This shotgun is the Remington 11-48 manufactured from '49 till '69. The 11-48 held 4 shells in the magazine, 5 total.

The Sportsman 48 model came out later when new federal game laws limited the loaded gun to 3 shells. It's magazine would only hold 2 shells, 3 total in the shotgun.


----------



## Fowlmouth

I believe the one I have is a model 11.


----------



## wyogoob

This is how it came apart.


There's two parts inside the follower. One is a split ring (friction ring) and the other ring has a felt washer in it. I can't get the part with the felt washer to move. This is just like my 11-48 16ga.

The split ring goes down onto, up against, the recoil spring.

This gun was built in December of 1951 and it still shoots fine. see: http://guncollectionsonline.com/remington11-48.htm


----------



## Illidan

Wyogoob, you are the best!
The last 3 pics are simply, clear and functional! 

My Remy is born in 1959 in USA (Ilion) and imported in Italy in 1961. But the break system are the same 

I don't have the friction ring (bronze/break ring that come into the cilindric hi-low) i'll come to buy a new friction!

Only one question, you put the cylinder+friction as in your picture 1 for low recoil?

Your spring have a conical cut end, this makes the support base flat.
My spring doesn't end cut or conical and i have a support base unaven, the ring in my pics 1 and 2 need to create a support base flat for doesn't get stuck inside the cylinder.


----------



## wyogoob

*No, it only goes one way on the 16 and the 20.*

*My support base is uneven too, just like in the picture.*


----------



## Illidan

Ok wyogood! i'll come to buy a new friction ring for my 11-48! :grin:
Thank you so much! u're irreplaceable!

but, i'm still curious to understand how does works the little beveled ring, and if i understand well you have also on your 16 gauge.
(this ring have the same diameter as the cilindric with wiped)

This:


wyogoob said:


> Here's a pic of the beveled collar, or friction ring.

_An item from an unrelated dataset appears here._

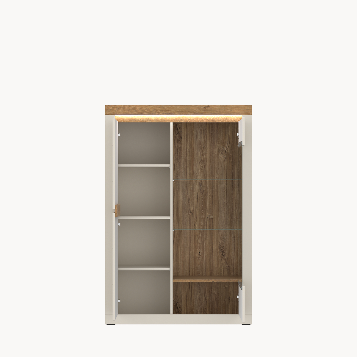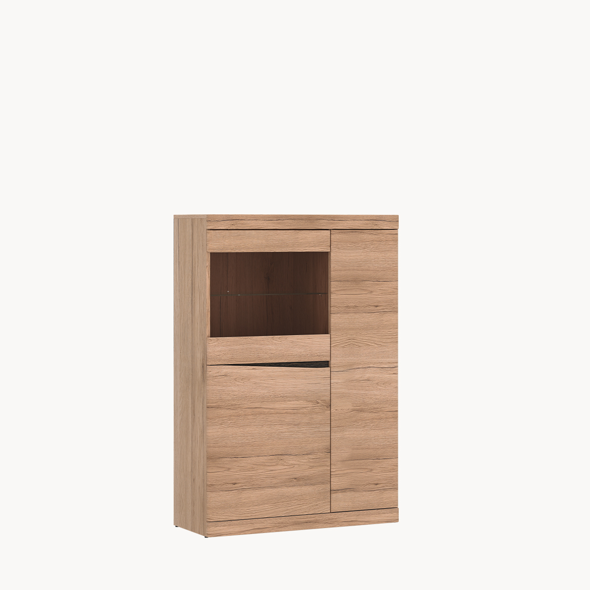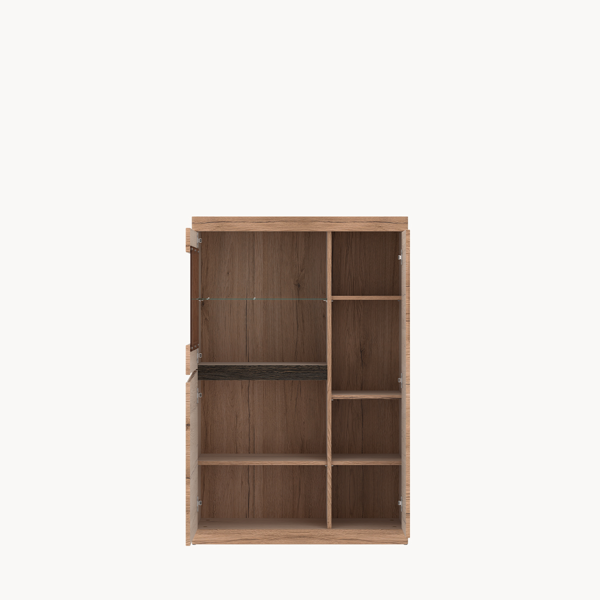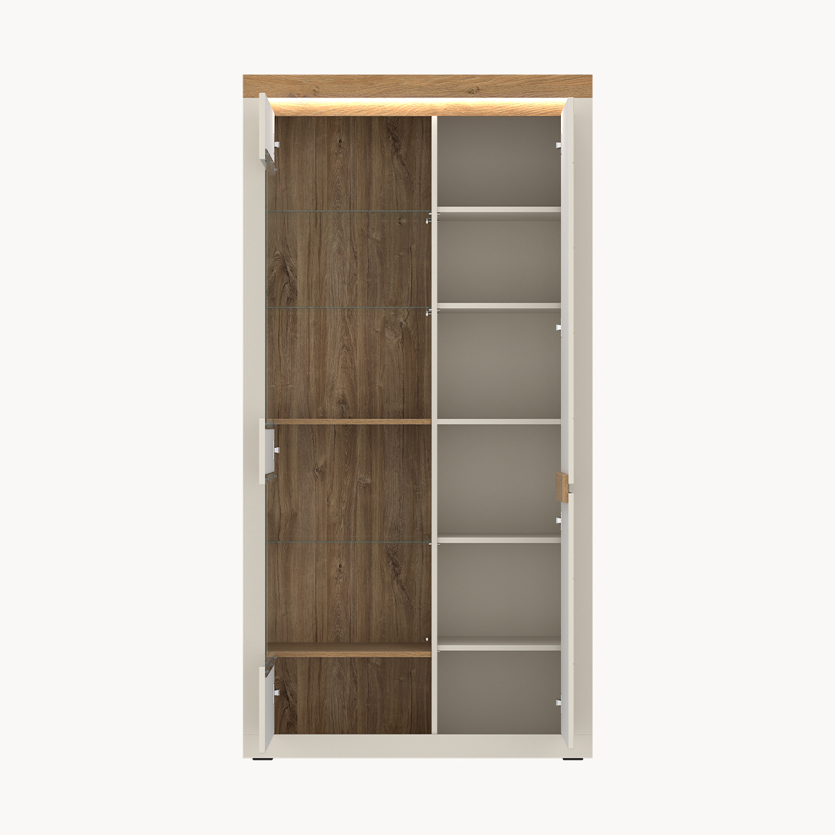 Istnieją wersje z dużymi przeszklonymi powierzchniami jak w kolekcjach Imperial czy Fribo. Pozwalają na ekspozycję większej ilości przedmiotów – każda półka może być zaaranżowana w inny sposób. Nadają się świetnie szczególnie do przechowywania dużej zastawy stołowej czy książek, stanowiąc wtedy swego rodzaju biblioteczkę.

It goes on the end of the recoil spring. One bevel is shorter than the other; a "hi" and a "low", for high or low brass.


----------



## wyogoob

Illidan said:


> Ok wyogood! i'll come to buy a new friction ring for my 11-48! :grin:
> Thank you so much! u're irreplaceable!
> 
> but, i'm still curious to understand how does works the little beveled ring, and if i understand well you have also on your 16 gauge.
> (this ring have the same diameter as the cilindric with wiped)
> 
> This:


This ring is not on the 20 gauge. The cylinder/friction ring and recoil spring came together as one piece.


----------



## Illidan

Hi wyogoob, Hi all!

Do you know any online store where I can buy the friction ring and the long ring with wipped (low and hi brass) for my remy 11-48 20ga?
Surely you have some trusted supplier that I can contact for spare parts.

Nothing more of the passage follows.